На тонкую шею Серёжки Узлова наделось просторное потное ярмо работы, чтобы он вместе с народом удерживал тыл и помогал фронту, который трещал и надсаживался под тяжким гнётом войны.
Безумие охватило землю. Германия, одурманенная фашизмом, уверовала в своё право распоряжаться судьбами всех народов, порушила мир, стала силой подчинять себе другие страны. А чтобы наверняка победило их злое дело, нацисты велели своему народу и тем, кто им поклонился и принял их фашистскую веру, изгнать из сердца всякую жалость – как признак слабости и неполноценности; череп и кости нарисовали главные преступники на мундирах самых отпетых губителей жизни – долой сантименты! – на службу взяли Бога: на христианский босый крест надели кованые башмаки – превратили его в свастику, и пошла она давить железной ногой – «с нами Бог!» – города, посёлки, деревни и хутора и всех, кто мирно жил там. И молодых, и старых, и детей…
Серёжку уже не радовало, что заканчивался срок его работы и, как только последнее обледенелое бревно окажется на берегу, лейтенант Вахрамеев подпишет справку и отпустит домой к матери, к Нюрке с Мишуком.
Как они там? Всего лишь одно письмо получил он из родной деревни за три месяца. Мать спрашивала о здоровье, как его кормят тут и просила не надрываться, беречь себя, как будто бы есть на баржах специальные лёгкие брёвна для Серёжки – потоньше и покороче.
О своей и деревенской жизни она писала скупо: «У нас пока все живые, а кто по деревне помер, потом сам увидишь».
Ждановка – небольшая деревня, всех знает Сережка, но от того, что кто-то там умер и – по невнятному намёку-умолчанию матери – человек ему близкий, похоже не один, в душе у Серёжки ничего не дрогнуло, не шевельнулось и тоски не прибавилось, будто изработался он и был заполнен усталостью до краёв, так, что ни для каких других чувств места в нем не осталось.
И то, что по-прежнему живут в голоде мать, сестра и братишка – тоже было ясно ему из скупости письма, но и это его почти не трогало: весь мир был голодным и пуще всех он сам, Серёжка. Котловое довольствие – тощие щи, в которых почиталось за счастье выловить картофелину, серый, словно вывалянный в дорожной пыли, хрустящий на зубах хлеб, прошлогодняя квашеная капуста, изредка каша; пища не восстанавливала затраченных сил, и к исходу третьего месяца самые крепкие и жизнерадостные девки в команде скисли и приуныли, исчерпав весь свой резерв, работали на износ; что уж говорить о худосочном Серёжке.
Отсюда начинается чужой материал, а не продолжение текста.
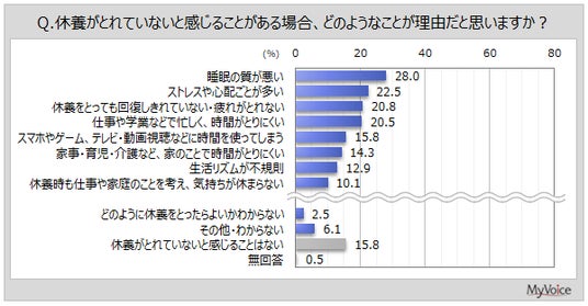 休養が『とれていない』と回答した人では、「ストレスや心配ごとが多い」「仕事や学業で忙しく、時間がとりにくい」が上位2位となっています。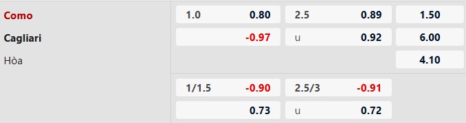 Como ngày càng hoàn thiện về khía cạnh tập thể dù các ngôi sao lớn tuổi của họ không đóng góp được quá nhiều. Como không những đủ khả năng giành 3 điểm mà còn có thể thắng áp đảo. Bên cạnh đó, Como thắng theo châu Á 8/11 trận chính thức gần đây trên sân nhà. Cagliari thua theo châu Á 3/4 trận Serie A vừa qua. Việc Como nhường tới 1 bàn thắng là khá sâu, báo hiệu sự áp đảo của thầy trò Fabregas, Como sẽ giành 3 điểm và thêm chút may mắn họ có thể thắng theo châu Á.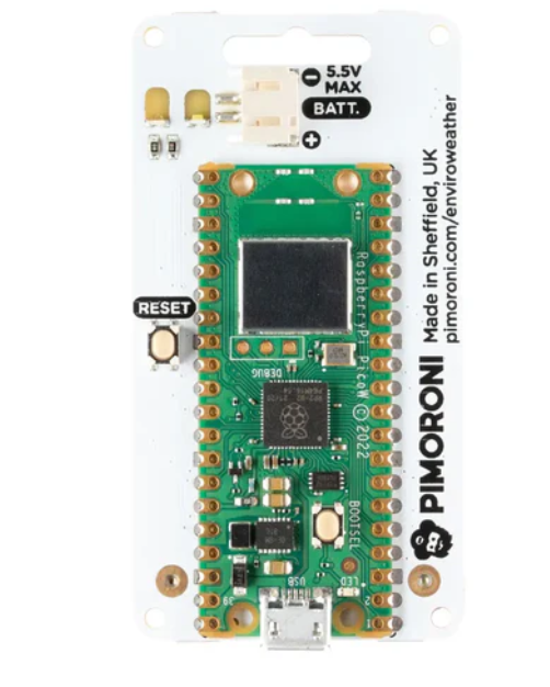 The Enviro Weather Pico Board - Weather Monitoring Device is a wireless climate and environmental monitoring system that allows you to easily connect weather sensors. It is equipped with sensors that can measure temperature, humidity, pressure and brightness.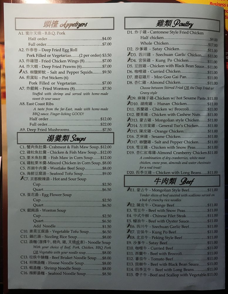 Hot & Sour Soup or Egg Flower Soup, Sweet & Sour Chicken, Pork Chow Mein, Mongolian Beef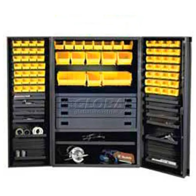 ALL-WELDED 48" WIDE SECURITY CABINET69 Bins with flush doorsConstructed of durable 14-gauge steel cabinet and 13-gauge steel base. Reinforced doors with 3 pointlocking handle and 2 keys. 500 lb.capacity shelves. Gray powder coat finish.All welded cabinets

В четырнадцать лет самое время расти и крепнуть, а для этого нужны еда и сон, но ни того ни другого в достатке за два года войны ему не перепадало, зато работать приходилось вдоволь и даже много больше. Серёжка рос, и ещё скорее рос и креп в нём внутри зверь, имя которому – голод. Голод ел Сережку и не давал окрепнуть. Ему казалось уже, что никогда и не было иначе, а довоенное сытое детство его – это из коротких полубредовых снов, отпущенных ему в промежутках между вечерней и утренней зорями.
Лишь однажды сон, приснившийся здесь, в городе, был цельным и ясным и вспоминался и хранился в Серёжкиной душе как праздник.
…Трактор легко катил по полю, оставляя за собой широкую полосу скошенной травы. В кабине со снятыми дверками рядом с отцом сидел Серёжка и всеми порами впитывал впечатления первого в том году сенокосного дня: неохватный простор степи, густую зелень трав, небо с редкими белесоватыми, тающими на солнце облаками и жаворонка в вышине – трепещущего, замирающего от счастья. Восторженная песня его заглушена рокотом двигателя, но Сережке кажется, что он слышит её.
Полдень. Отец повернул к колку, небольшому берёзовому лесу у дороги, остановил и заглушил трактор за полсотни шагов от него.
– Обедать, однако, пора, а?
Они прошли к нераспаханной полосе у леса, устроились среди полевых цветов и серебристых метёлок ковыля. Это было любимое место отца. Отец сполоснул водой из бидончика лицо и руки, вытерся мягкой тряпицей, которую приготовила Серёжкина мать им в поле, лёг на спину, заложив руки под голову, смотрел в небо, пока Серёжка готовил стол.
– О, окрошка! – обрадовался отец, будто всё, что было у них на обед, ему в диковинку.
Неторопливо опростал миску, попросил добавки:
– Плесни ещё, сынок.
Серёжка быстро исполнил просьбу, лёг на траву, подперев голову ладонями, смотрел, как ест отец; дождался, когда он управился с добавкой, подмигнул и сказал, отдуваясь:
– Уф-ф! Хорошо: пузо дерёт, а хмель не берёт!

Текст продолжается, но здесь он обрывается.